- Extracted entries:
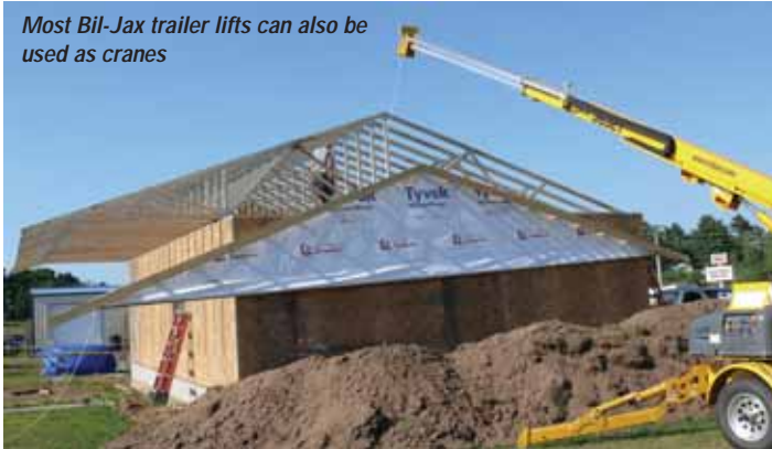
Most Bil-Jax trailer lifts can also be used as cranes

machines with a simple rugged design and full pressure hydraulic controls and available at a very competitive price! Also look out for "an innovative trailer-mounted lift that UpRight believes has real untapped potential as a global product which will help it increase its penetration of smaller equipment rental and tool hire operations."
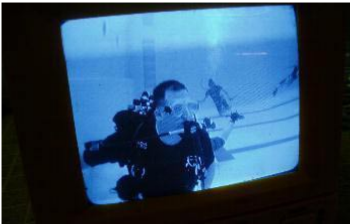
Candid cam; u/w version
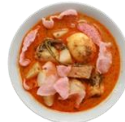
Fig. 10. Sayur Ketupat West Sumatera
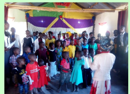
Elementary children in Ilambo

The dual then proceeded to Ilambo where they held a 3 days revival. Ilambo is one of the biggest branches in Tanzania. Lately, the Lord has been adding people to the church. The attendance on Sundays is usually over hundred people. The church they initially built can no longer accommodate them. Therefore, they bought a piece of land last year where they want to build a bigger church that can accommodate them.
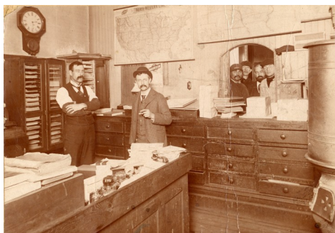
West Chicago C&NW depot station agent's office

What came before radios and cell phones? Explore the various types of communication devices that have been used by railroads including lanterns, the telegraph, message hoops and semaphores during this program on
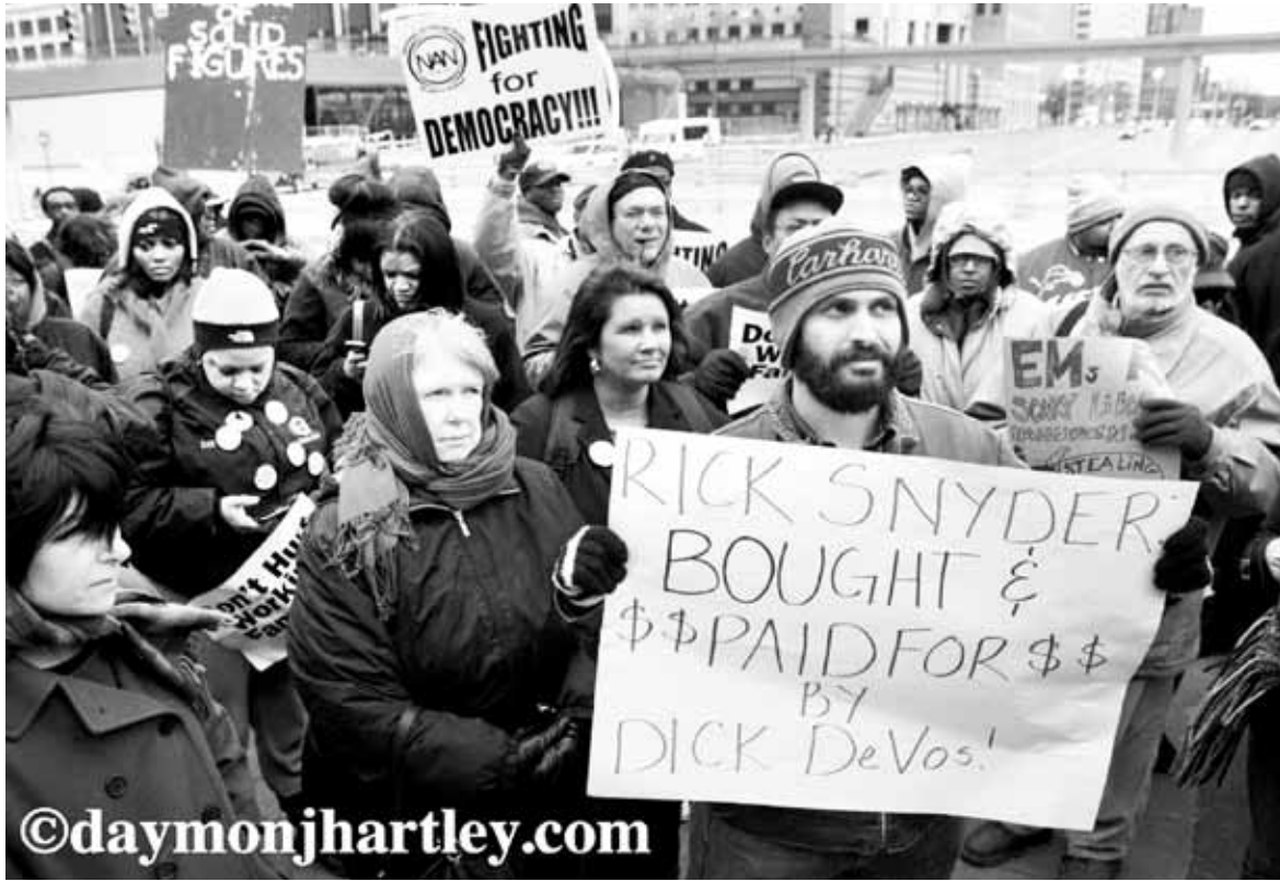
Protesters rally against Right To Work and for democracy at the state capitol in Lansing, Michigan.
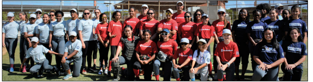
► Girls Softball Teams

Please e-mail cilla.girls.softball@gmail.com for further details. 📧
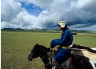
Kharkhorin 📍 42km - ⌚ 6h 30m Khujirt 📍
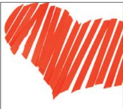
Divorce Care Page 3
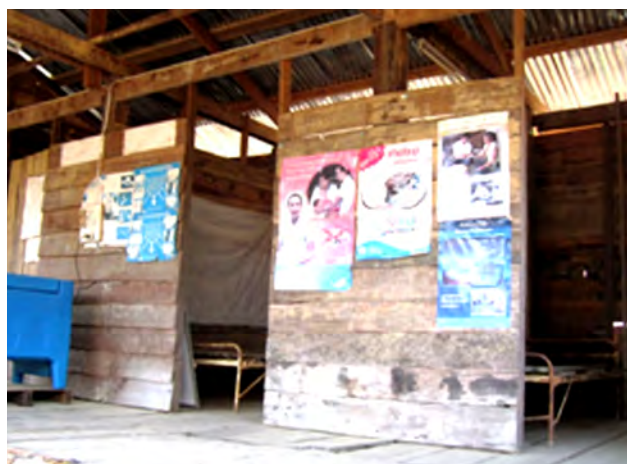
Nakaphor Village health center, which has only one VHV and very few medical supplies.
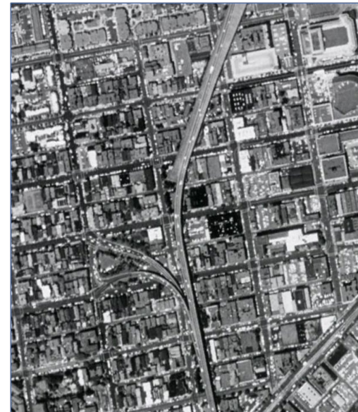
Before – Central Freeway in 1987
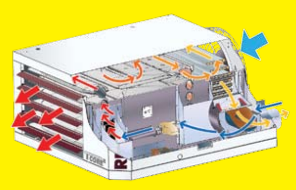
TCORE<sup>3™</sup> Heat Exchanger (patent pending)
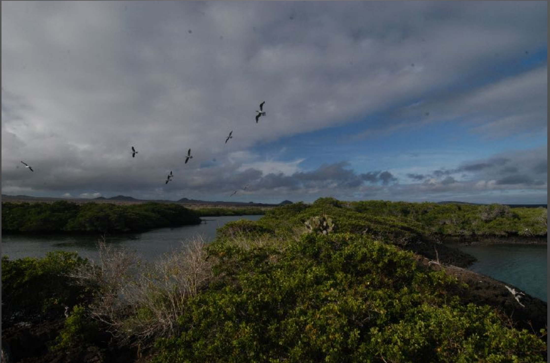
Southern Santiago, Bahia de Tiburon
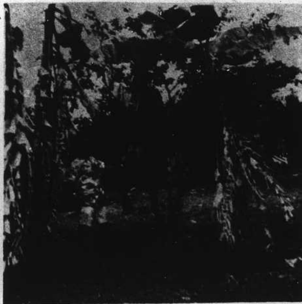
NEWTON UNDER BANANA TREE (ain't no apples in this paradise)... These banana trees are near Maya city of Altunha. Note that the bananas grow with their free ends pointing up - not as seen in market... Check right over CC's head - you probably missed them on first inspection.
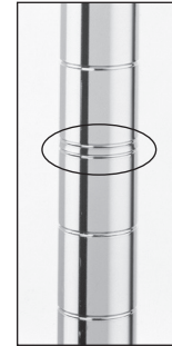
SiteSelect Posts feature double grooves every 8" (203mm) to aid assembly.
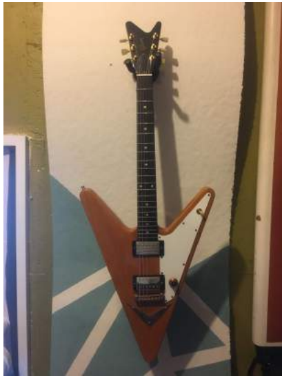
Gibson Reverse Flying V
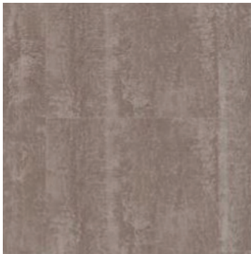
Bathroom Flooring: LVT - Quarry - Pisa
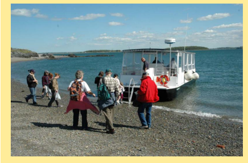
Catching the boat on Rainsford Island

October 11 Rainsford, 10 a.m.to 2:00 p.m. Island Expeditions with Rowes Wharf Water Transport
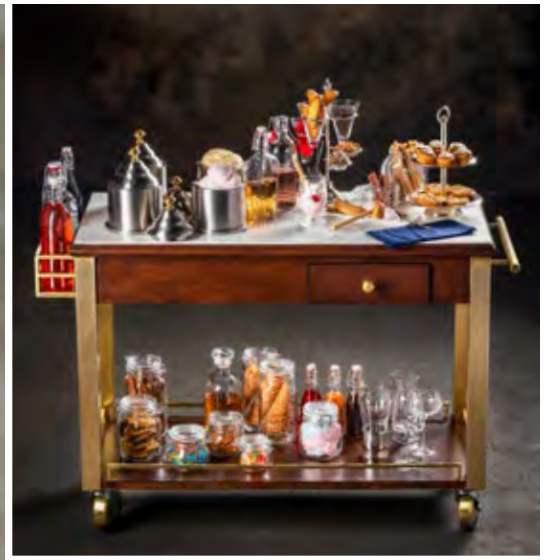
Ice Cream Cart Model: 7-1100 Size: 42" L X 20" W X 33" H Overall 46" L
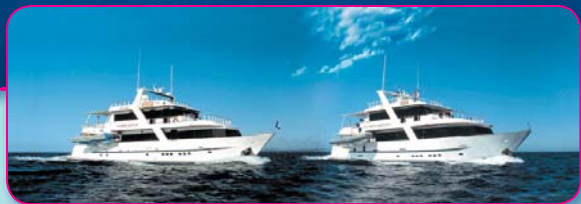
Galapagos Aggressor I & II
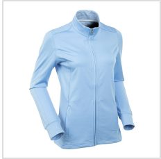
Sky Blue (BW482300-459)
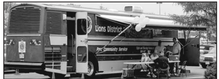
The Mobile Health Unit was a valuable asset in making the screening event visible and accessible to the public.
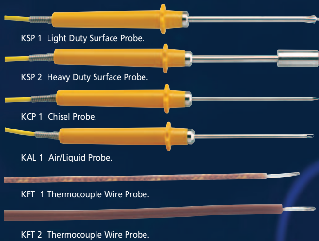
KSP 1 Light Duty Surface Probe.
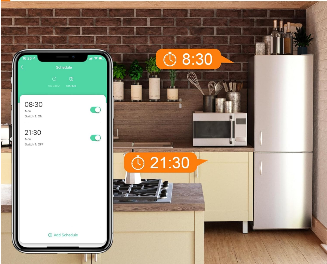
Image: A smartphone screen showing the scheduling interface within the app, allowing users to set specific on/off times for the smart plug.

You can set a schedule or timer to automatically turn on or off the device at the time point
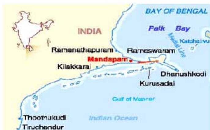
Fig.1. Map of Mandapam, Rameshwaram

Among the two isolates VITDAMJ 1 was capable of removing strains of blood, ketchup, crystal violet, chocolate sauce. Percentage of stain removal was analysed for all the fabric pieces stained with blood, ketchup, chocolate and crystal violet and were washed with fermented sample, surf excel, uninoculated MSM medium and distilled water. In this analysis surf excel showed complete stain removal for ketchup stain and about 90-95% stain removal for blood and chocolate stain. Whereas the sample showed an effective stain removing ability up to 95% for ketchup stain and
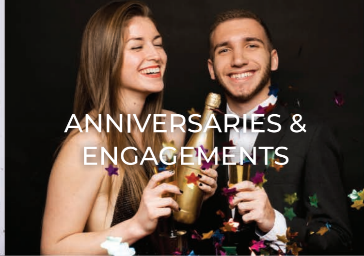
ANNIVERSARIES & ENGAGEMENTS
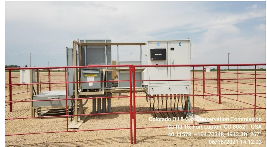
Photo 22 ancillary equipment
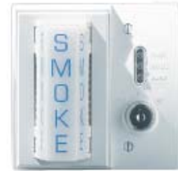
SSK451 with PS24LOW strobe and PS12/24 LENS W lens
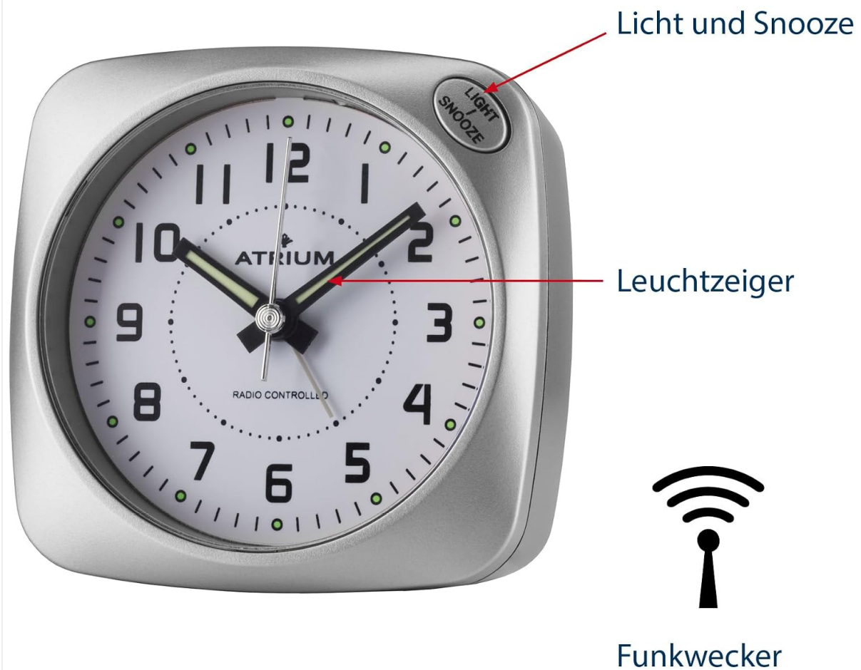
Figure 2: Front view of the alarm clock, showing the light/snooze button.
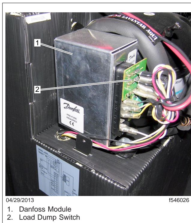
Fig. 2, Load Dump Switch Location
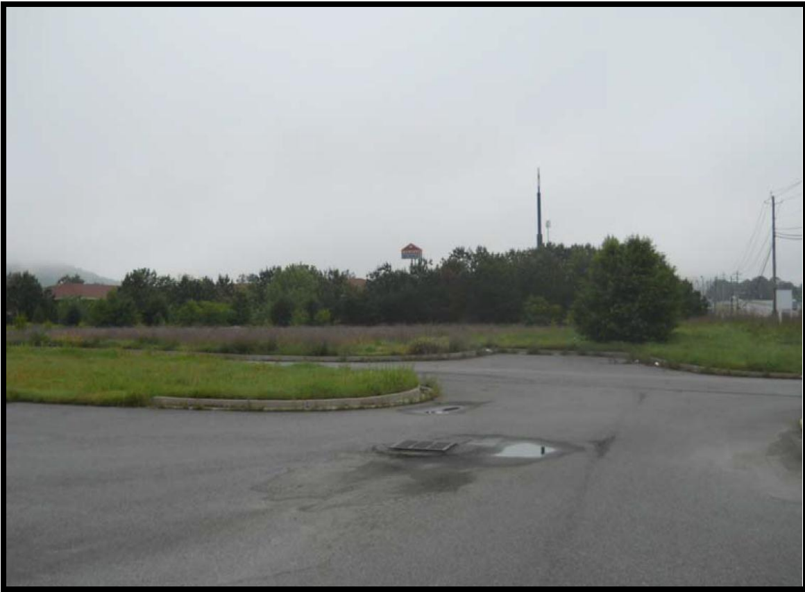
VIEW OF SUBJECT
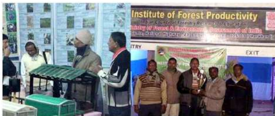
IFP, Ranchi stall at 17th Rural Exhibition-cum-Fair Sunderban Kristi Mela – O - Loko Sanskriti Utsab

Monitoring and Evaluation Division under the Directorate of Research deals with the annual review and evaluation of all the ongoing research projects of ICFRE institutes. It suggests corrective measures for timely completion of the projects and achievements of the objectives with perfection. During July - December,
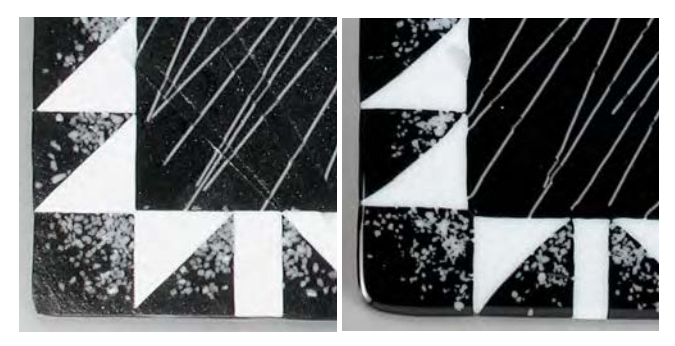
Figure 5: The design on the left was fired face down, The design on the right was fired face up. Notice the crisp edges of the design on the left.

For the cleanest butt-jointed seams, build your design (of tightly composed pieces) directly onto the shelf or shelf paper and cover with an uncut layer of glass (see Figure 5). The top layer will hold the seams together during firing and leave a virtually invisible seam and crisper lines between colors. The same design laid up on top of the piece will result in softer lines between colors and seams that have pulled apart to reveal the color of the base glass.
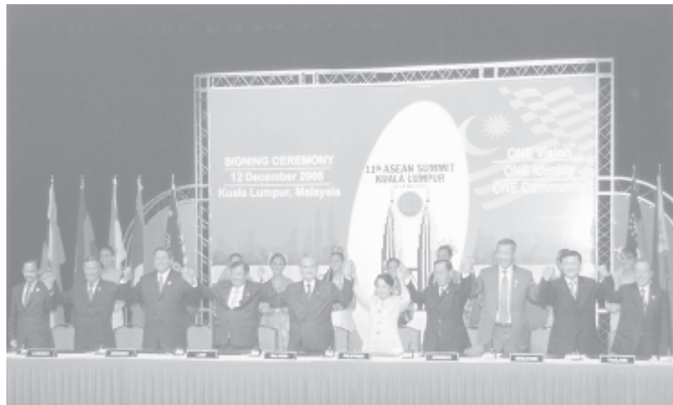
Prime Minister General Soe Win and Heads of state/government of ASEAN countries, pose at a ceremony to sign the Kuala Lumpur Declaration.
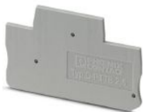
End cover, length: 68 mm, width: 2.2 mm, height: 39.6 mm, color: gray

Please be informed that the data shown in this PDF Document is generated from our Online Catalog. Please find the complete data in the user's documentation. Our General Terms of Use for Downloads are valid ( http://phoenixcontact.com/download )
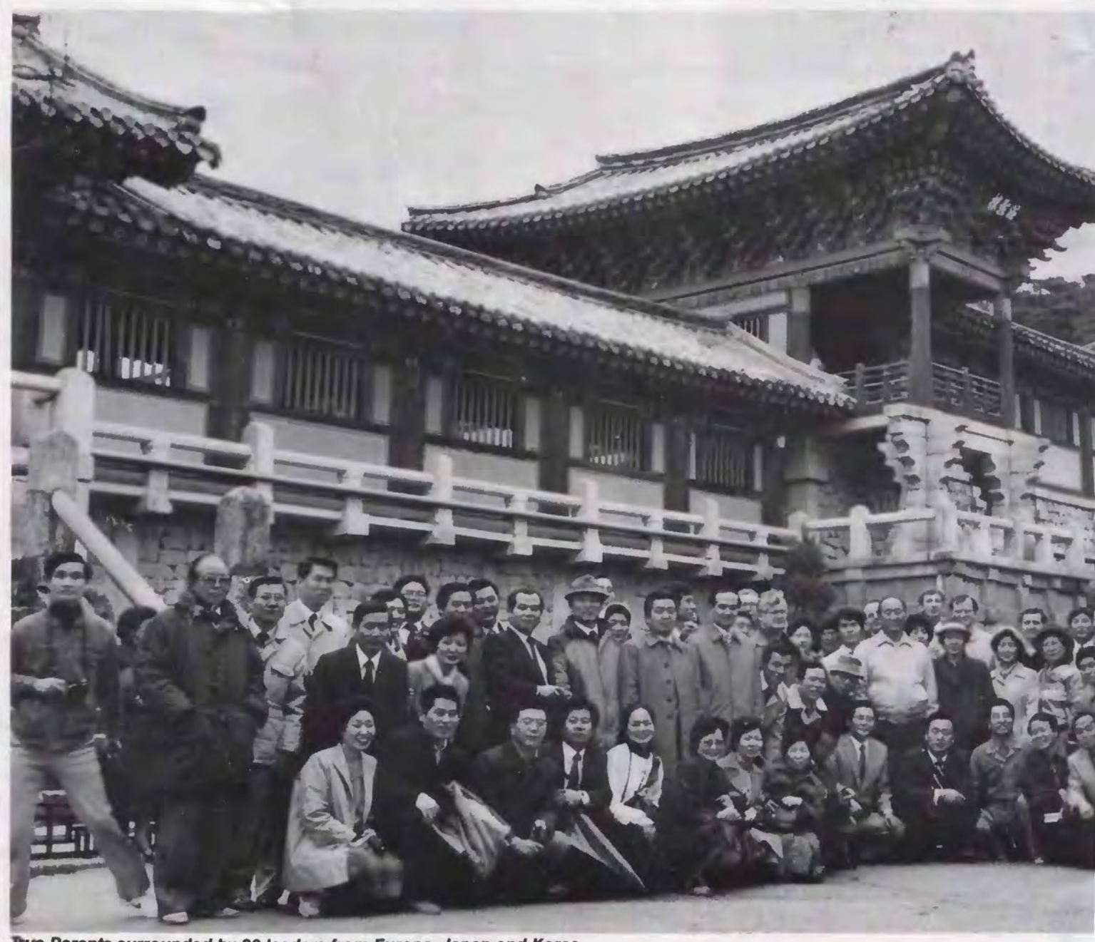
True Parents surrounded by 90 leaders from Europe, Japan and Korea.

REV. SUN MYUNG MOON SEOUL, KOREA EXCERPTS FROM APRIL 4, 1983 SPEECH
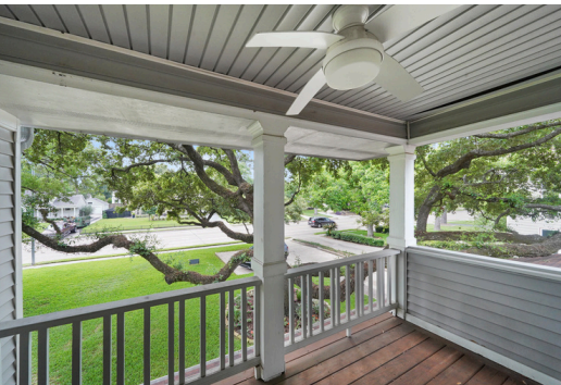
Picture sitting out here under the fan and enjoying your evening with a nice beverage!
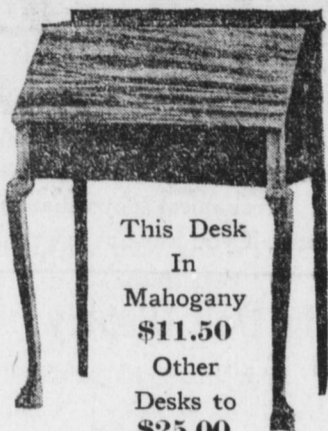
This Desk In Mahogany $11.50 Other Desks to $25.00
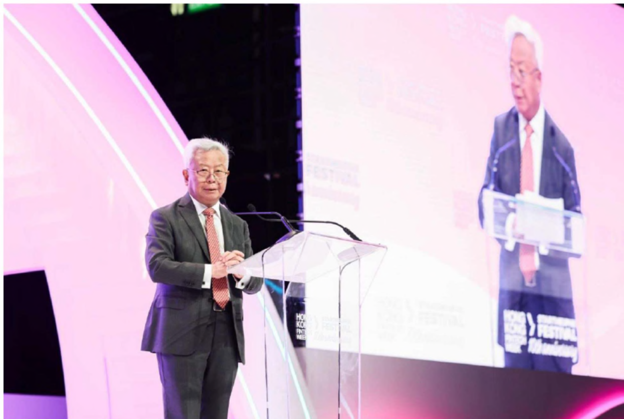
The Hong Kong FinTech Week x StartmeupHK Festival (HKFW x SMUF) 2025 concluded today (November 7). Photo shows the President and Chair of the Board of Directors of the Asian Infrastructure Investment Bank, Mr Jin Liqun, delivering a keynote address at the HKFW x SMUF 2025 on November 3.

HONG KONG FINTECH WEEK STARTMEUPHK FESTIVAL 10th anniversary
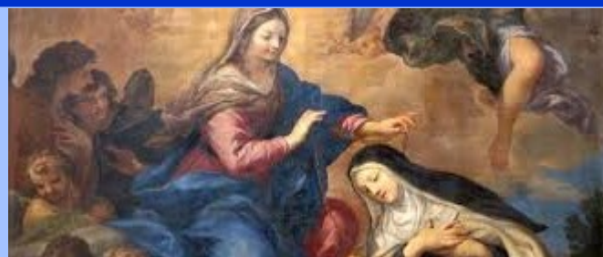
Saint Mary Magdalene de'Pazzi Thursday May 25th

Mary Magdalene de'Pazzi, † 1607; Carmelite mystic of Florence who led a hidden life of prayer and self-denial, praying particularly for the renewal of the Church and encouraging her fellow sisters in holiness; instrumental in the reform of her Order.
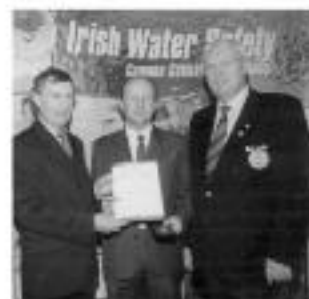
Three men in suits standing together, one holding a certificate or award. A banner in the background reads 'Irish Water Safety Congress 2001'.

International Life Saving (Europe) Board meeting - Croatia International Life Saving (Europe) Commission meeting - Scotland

- Work to complete: With the pictures omitted, restate word for word the lines above from the line that has "Protesters rally against" up to and including the line that has "TCORE<sup>3™</sup> Heat Exchanger", and no other lines.

- Solved problem:
Protesters rally against Right To Work and for democracy at the state capitol in Lansing, Michigan.
► Girls Softball Teams

Please e-mail cilla.girls.softball@gmail.com for further details. 📧
Kharkhorin 📍 42km - ⌚ 6h 30m Khujirt 📍
Divorce Care Page 3
Nakaphor Village health center, which has only one VHV and very few medical supplies.
Before – Central Freeway in 1987
TCORE<sup>3™</sup> Heat Exchanger (patent pending)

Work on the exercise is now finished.